A propósito, as compras por impulso são uma armadilha em que se pode cair também no secondhand. Os preços baixos tentam-nos a comprar "tudo o que é bonito", e o resultado é um guarda-roupa a transbordar de peças que não usamos – ou seja, exatamente o problema de que queríamos fugir. A regra de ouro é: se não conseguir imaginar pelo menos três outfits em que a nova peça se encaixe, deixe-a ficar. Alguém a vai apreciar mais.

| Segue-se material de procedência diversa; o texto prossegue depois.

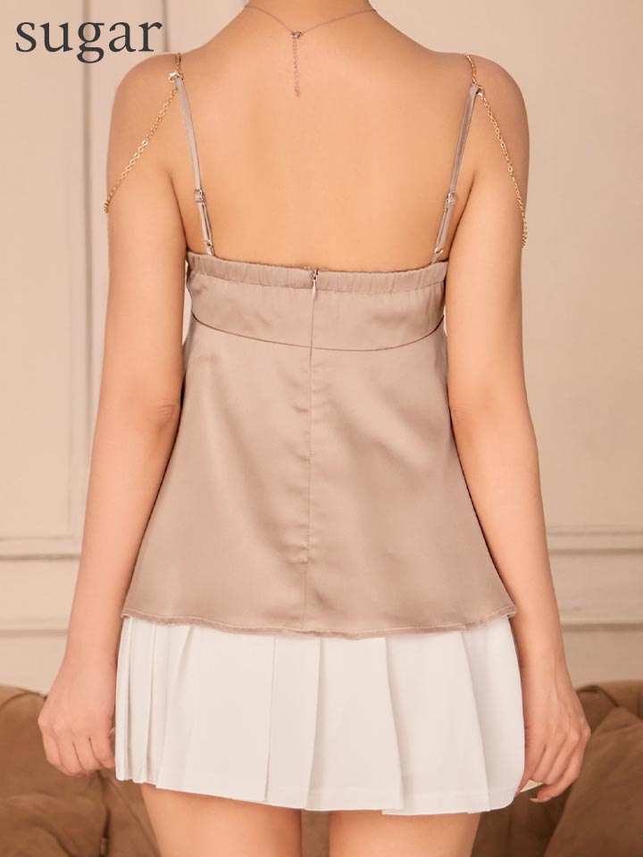 【予約商品/1月下旬発送予定】XSサイズあり【Glossy/グロッシー】チェーン/ サテン/ キャミソール/ セットアップ/ フレア/ ミニドレス/ キャバドレス[OF08] [GL4640-GYGE-S260113]

Um capítulo à parte é o secondhand online, que nos últimos anos tem vivido um verdadeiro boom. Plataformas como o Vinted ou o Depop tornaram as compras em segunda mão acessíveis também a quem não tem um secondhand ao virar da esquina ou não tem tempo para percorrer prateleiras. A vantagem é a enorme variedade e a possibilidade de procurar marcas ou peças específicas. A desvantagem é a impossibilidade de experimentar a peça e, por vezes, fotografias enganadoras. Compradores online experientes recomendam, por isso, pedir sempre as medidas exatas, perguntar sobre o estado da roupa e não ter receio de comunicar com o vendedor.
Uma tendência interessante que merece menção é também o upcycling – ou seja, a transformação criativa de roupa antiga em algo novo. Camisas masculinas antigas transformam-se em vestidos de verão, de várias t-shirts nasce uma mala original em patchwork, de calças de ganga cortadas surgem calções para o verão. O upcycling leva a ideia do guarda-roupa sustentável ainda mais longe, porque dá sentido até a peças que de outra forma acabariam no contentor de têxteis. E não é preciso ser costureira profissional – no YouTube e no Instagram existem milhares de tutoriais para principiantes absolutos.

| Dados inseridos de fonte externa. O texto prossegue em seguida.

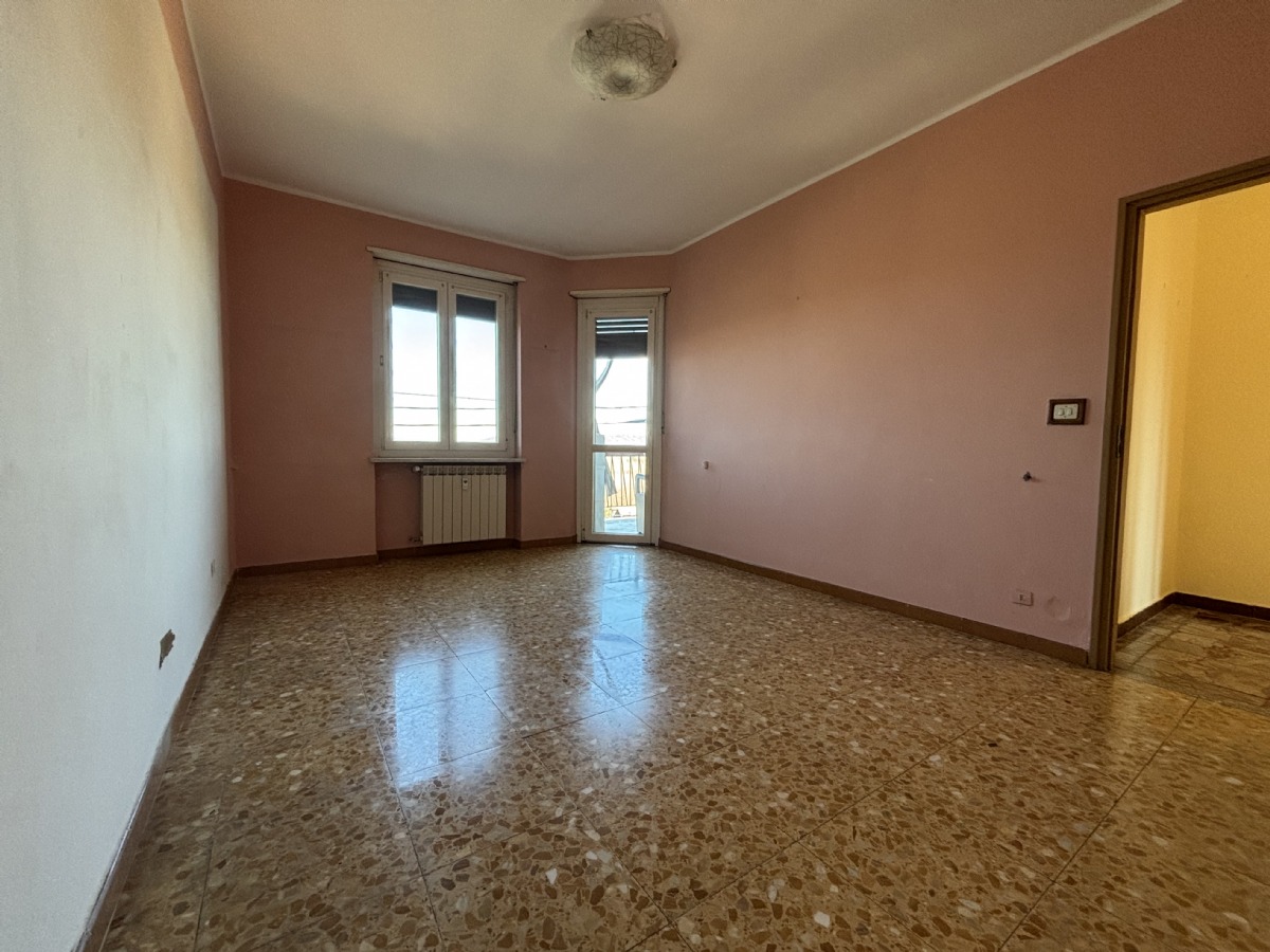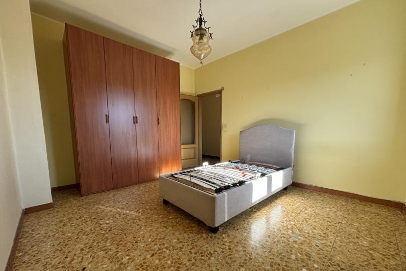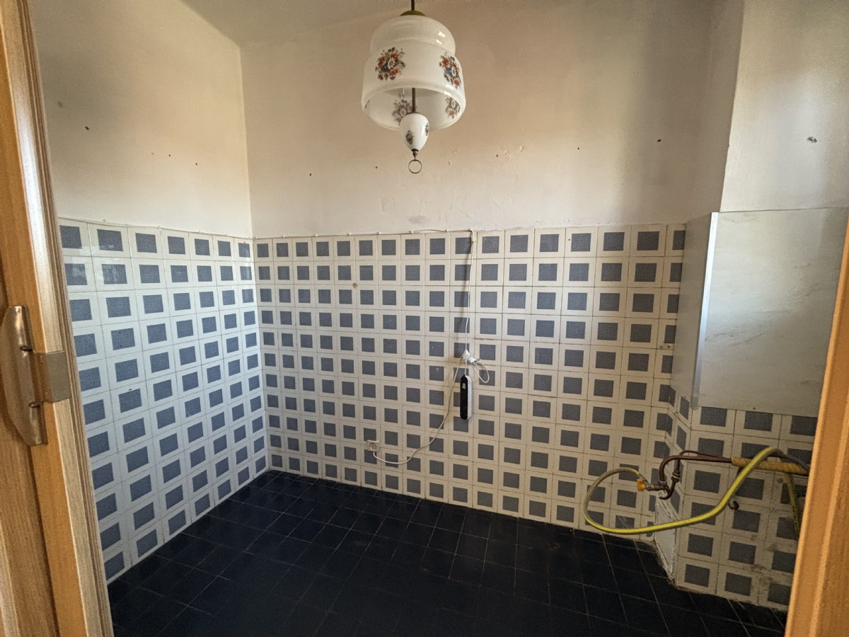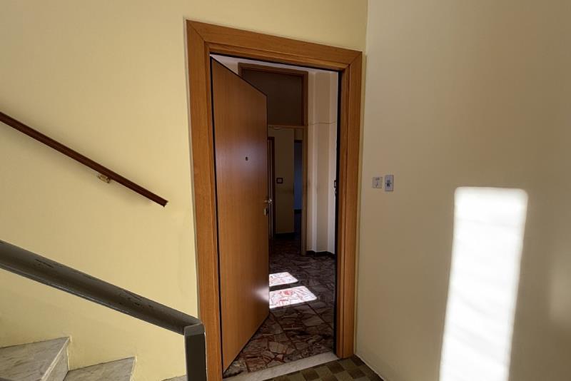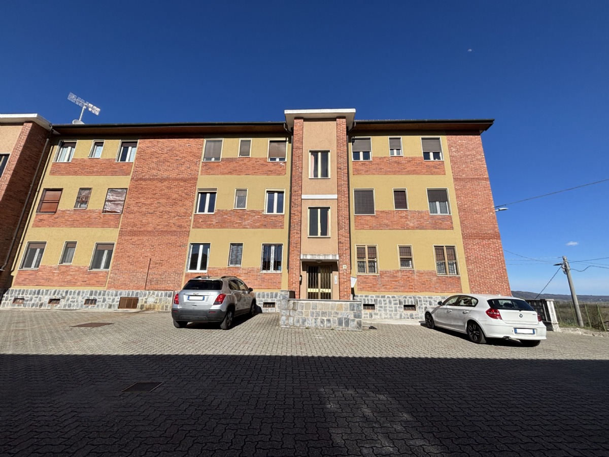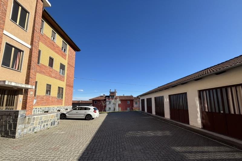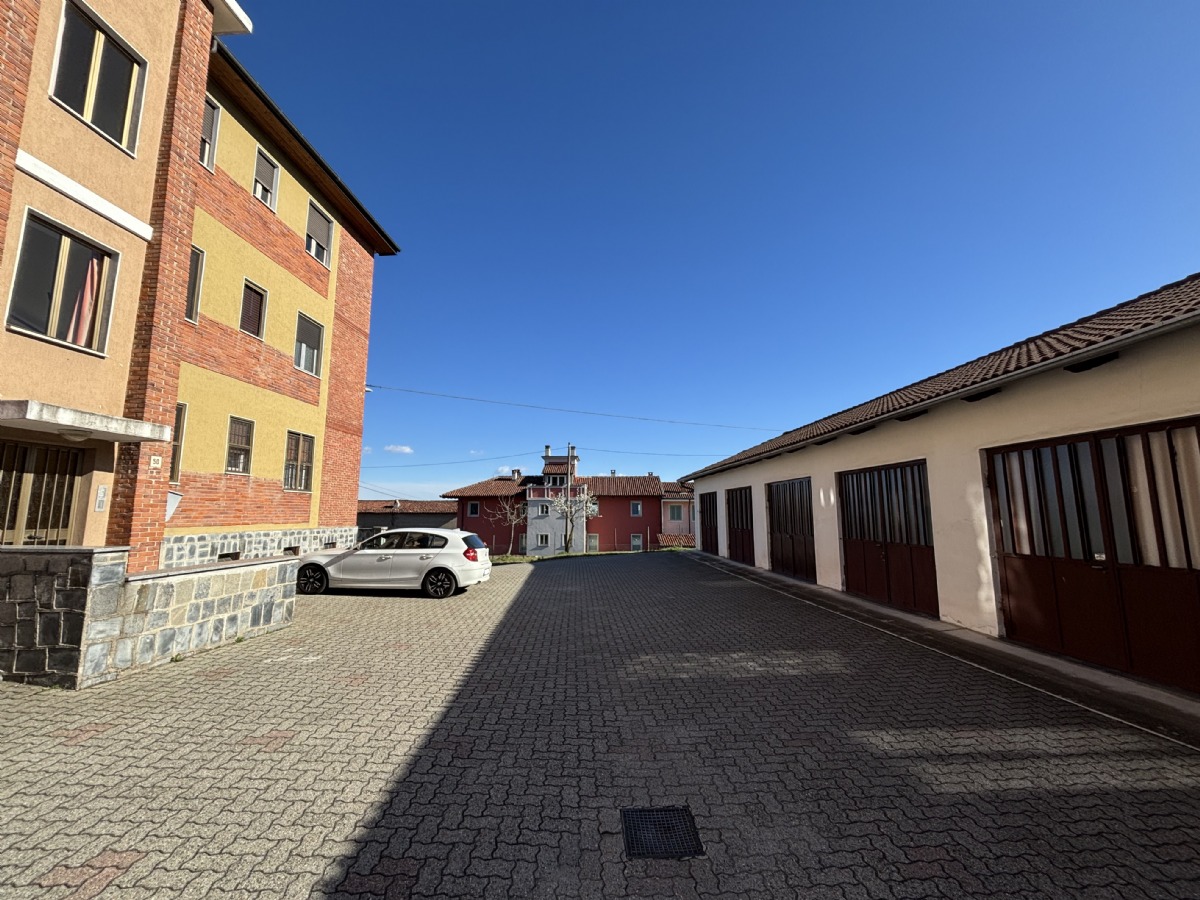 L'abitazione è composta da: ingresso su un ampio disimpegno, soggiorno con accesso al balcone, cucinino, corridoio, due camere da letto, ripostiglio e bagno. Completano la proprietà: la cantina al piano seminterrato e un ampio box auto singolo con orto retrostante, cortile e giardino condominiale. Posti auto liberi.

Como observou a designer britânica Vivienne Westwood, uma das primeiras vozes ativas da moda sustentável: "Comprem menos, escolham com cuidado e façam durar." Esta frase resume toda a filosofia do guarda-roupa inteligente em poucas palavras. Não se trata de ter muito – trata-se de ter bem.
Quando pensamos nisso, construir um guarda-roupa através do secondhand e do swap não é, na verdade, nada de revolucionário. As nossas avós e bisavós faziam-no há gerações – a roupa herdava-se, alterava-se, trocava-se, reparava-se. Foi apenas nas últimas décadas que nos habituámos à ideia de que a roupa é algo descartável, que deitamos fora ao fim de uma estação e substituímos por algo novo. O regresso ao secondhand e ao swap é, em certo sentido, um regresso ao bom senso. Com a diferença de que hoje temos à disposição a internet, plataformas online e comunidades que tornam todo o processo mais cómodo e divertido do que alguma vez foi.
Quem descobre uma vez a alegria de encontrar a peça perfeita num secondhand – aquele casaco que assenta como uma luva, aqueles sapatos com que sonhava mas que numa loja seriam inacessíveis – dificilmente volta às compras convencionais de bom grado. E talvez seja precisamente aí que reside a maior força de todo este movimento: não se trata de um sentimento de obrigação ou sacrifício, mas de uma alegria autêntica num vestuário inteligente e com sentido, que é gentil tanto para a carteira como para o planeta.